8.8. The PDPO deletes and destroys the User's Personal Data within 7 (seven) working days since getting the request or appeal from the Personal Data Subject (Appendix No. 3 to this Privacy Policy) or their legal representative or authorized body for the protection of the rights of Personal Data Subjects, if it receives information confirming that the Personal Data was obtained illegally or is not necessary for the stated processing purpose. The PDPO will notify the Personal Data Subject or their representative of the changes made and the measures taken and will take reasonable measures to notify third parties to whom the Personal Data of this subject was transferred.

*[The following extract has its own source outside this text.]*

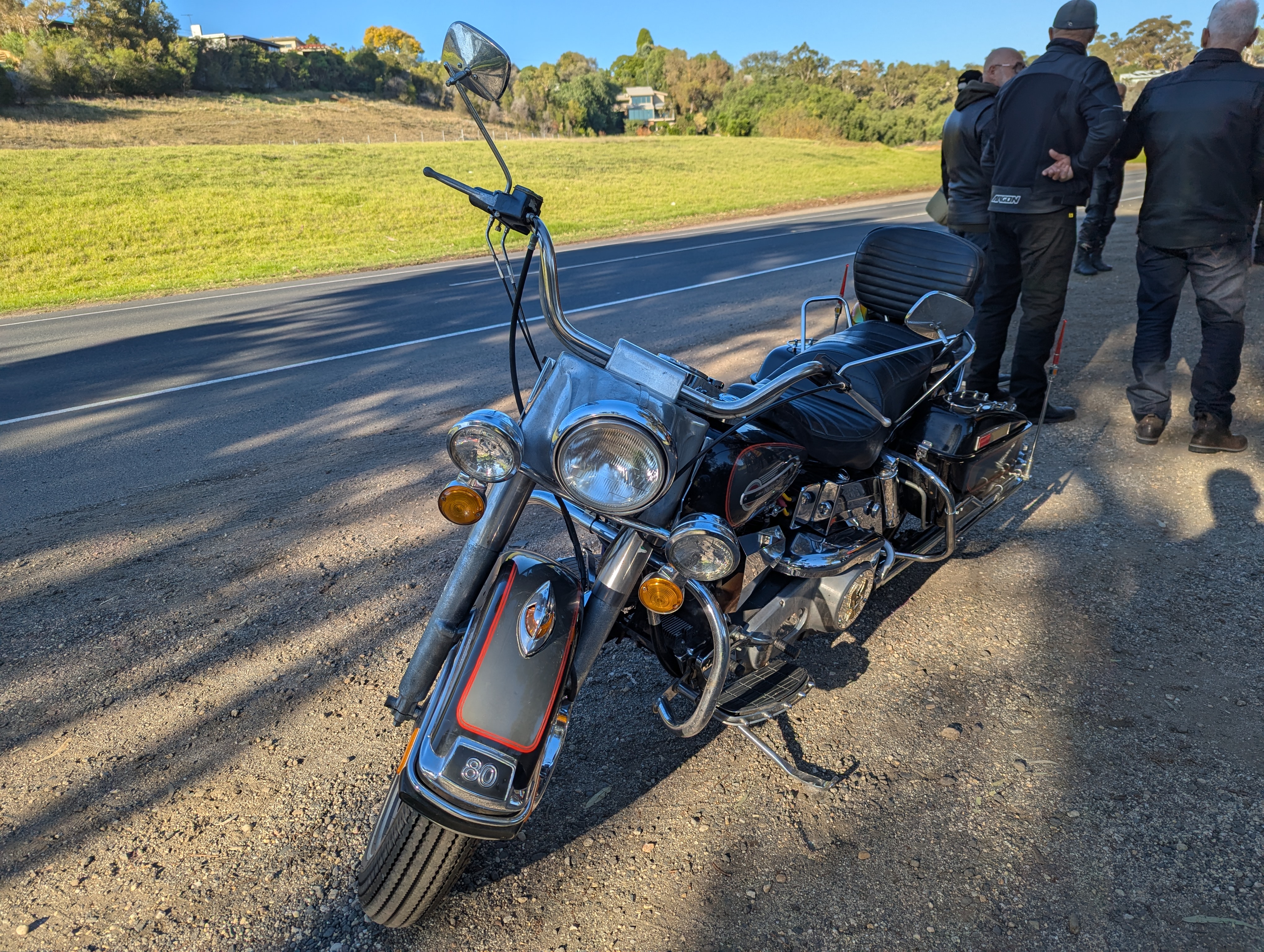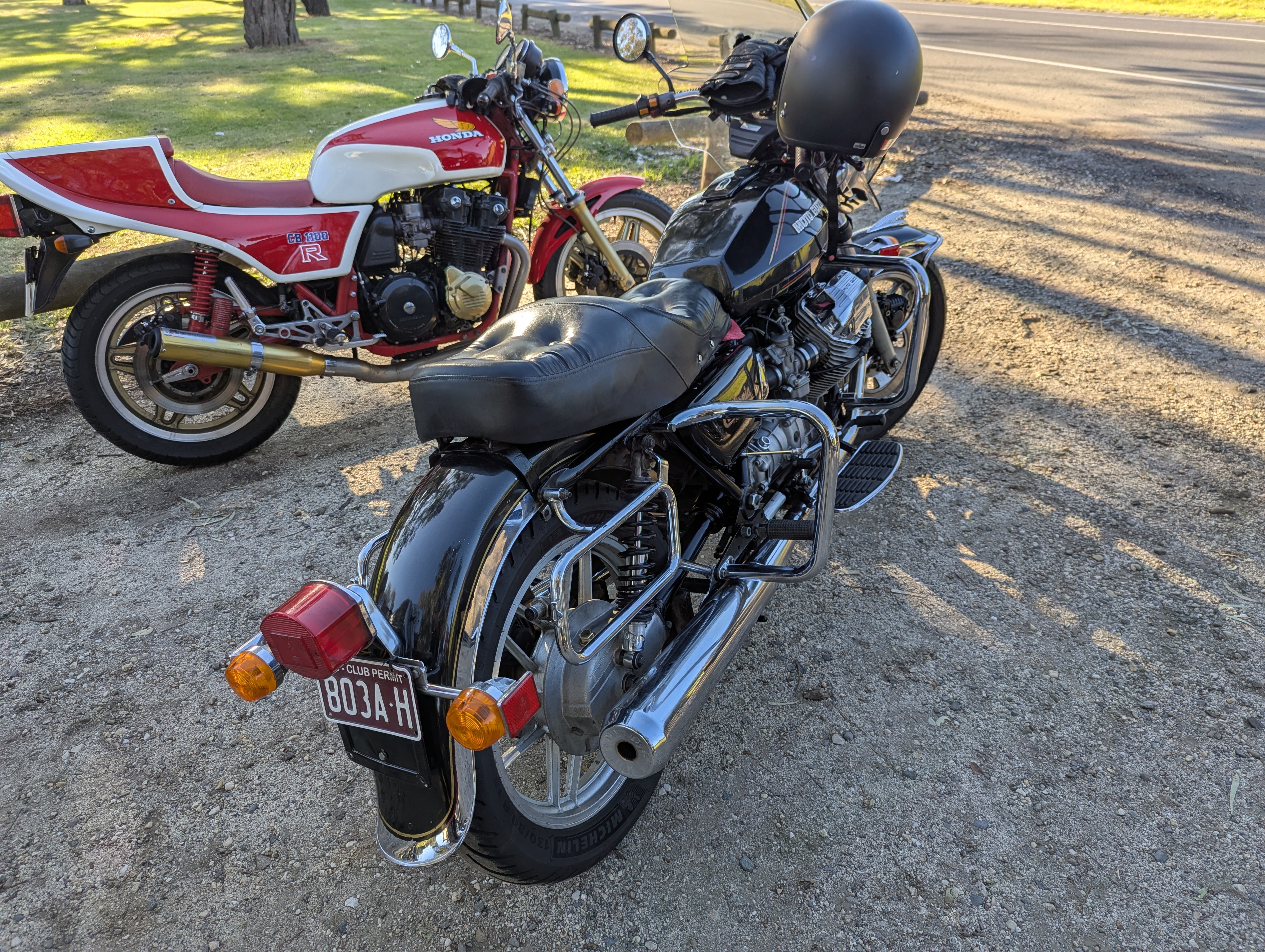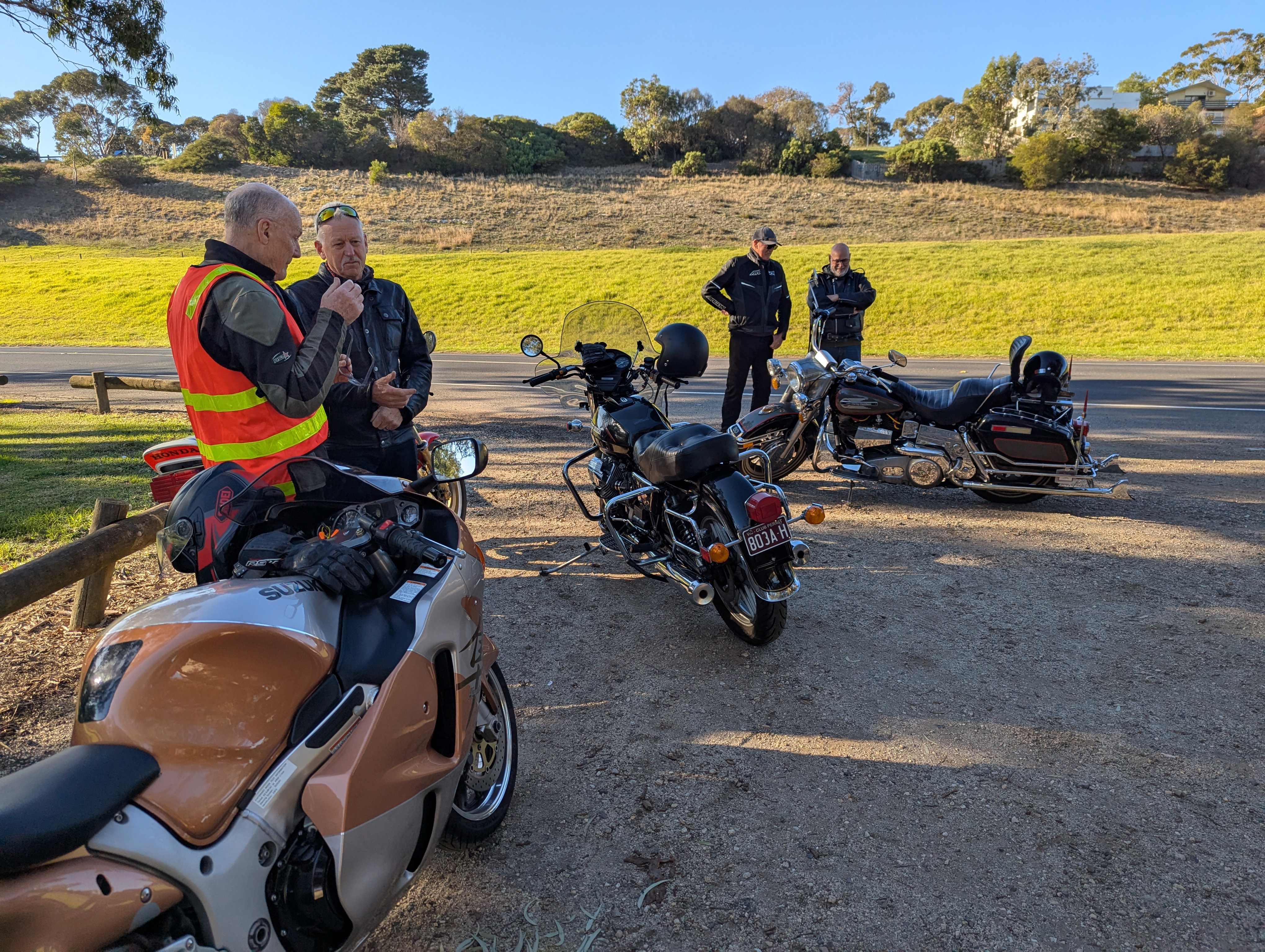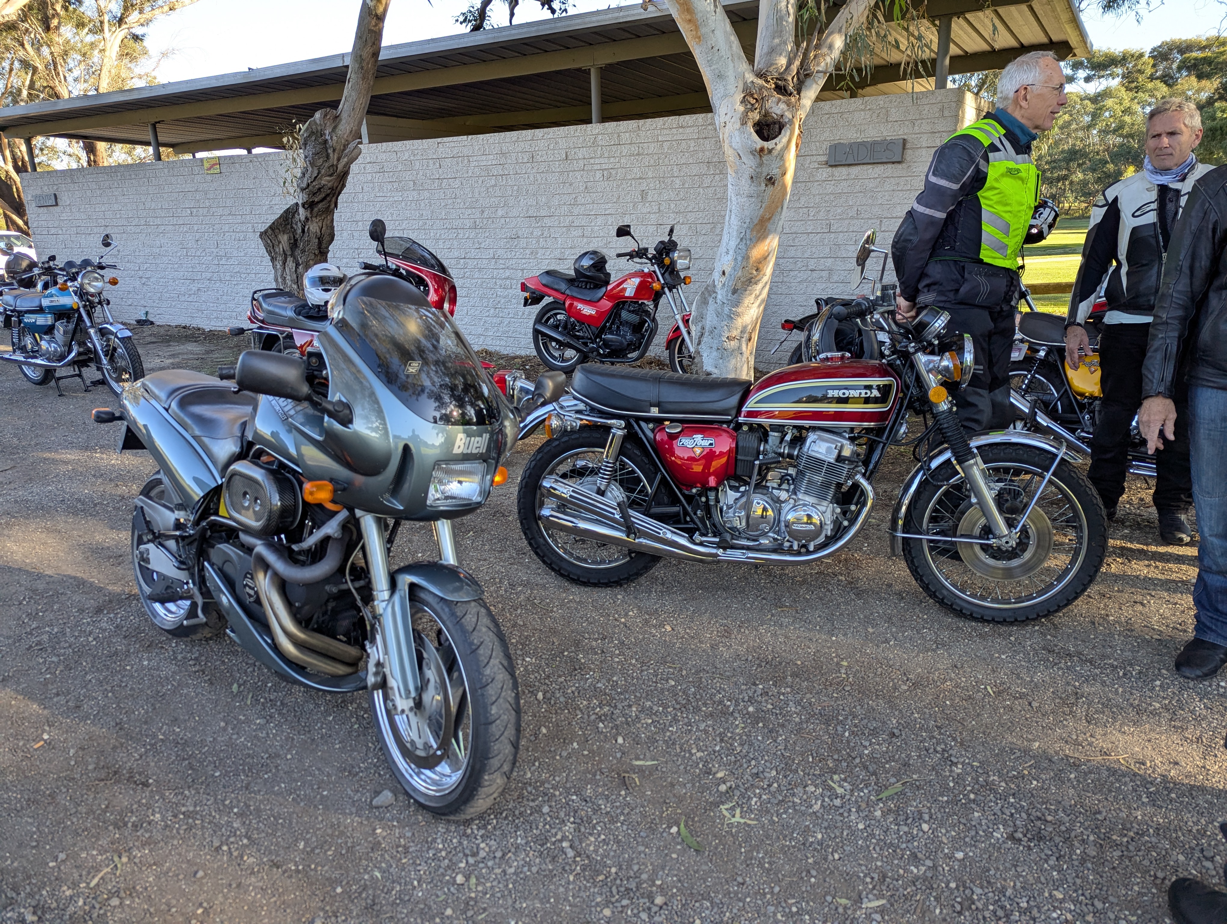 With a few events of note, Ross Bell’s Laverda running on only 2 cylinders requiring Ross to open up the big dellorto carbies to maintain a cruising speed, but a side effect that the hungry Laverda chewed through 15L to do only 80km and leaving Ross out of fuel within site of the Pier St cafe, with assistance from a fellow member Ross was soon arriving at the cafe along with a 5L Jerry Can strapped to the pillion seat.

8.9. In case of detection of unlawful processing of Personal Data by the PDPO or a person acting on behalf of the PDPO, the PDPO is obligated to cease the unlawful processing of Personal Data within a period not exceeding three (3) working days from the date of such detection or to ensure that the person acting on behalf of the PDPO ceases the unlawful processing of Personal Data. If it is impossible to ensure the lawfulness of the processing of Personal Data, the PDPO is obligated to destroy such Personal Data or ensure its destruction within a period not exceeding ten (10) working days from the date of detection of the unlawful processing of Personal Data. The PDPO is obligated to notify the subject of Personal Data or their representative, or the authorized body for the protection of the rights of subjects of Personal Data, of the rectification of the violations committed or the destruction of Personal Data.

8.10. The PDPO responds to requests from Users, their representatives, and the authorized body for the protection of personal data subjects regarding Personal Data within 10 (ten) working days of the request being submitted or received by the PDPO. This period may be extended, but not longer than 5 (five) working days, if the PDPO sends the Personal Data subject a reasoned notice stating the reasons for the extension.

8.11. In case of detection of an unlawful or accidental transfer (provision, distribution, access) of Personal Data, resulting in the violation of the User's rights, the PDPO is obliged, from the moment of detection of such an incident, to notify the authorized body for the protection of the rights of personal data subjects:

1) within 24 (twenty-four) hours about the incident that occurred, about the alleged reasons that led to the violation of the rights of personal data subjects, and the alleged harm caused to the rights of personal data subjects, about the measures taken to eliminate the consequences of the relevant incident, and also provide information about the person authorized by the PDPO to interact with the authorized body for the protection of the rights of personal data subjects on issues related to the identified incident;
2) within 72 (seventy-two) hours on the results of the internal investigation of the identified incident, and also provide information on the persons whose actions caused the identified incident (if any).

9. FINAL PROVISIONS

9.1. The PDPO reserves the right to make any changes or additions to the Privacy Policy at any time at its sole discretion.

9.2. Amendments and additions come into force upon posting the amended Privacy Policy on the Site. By continuing to use the Site after the posting of the updated Privacy Policy, the User confirms their acceptance of it.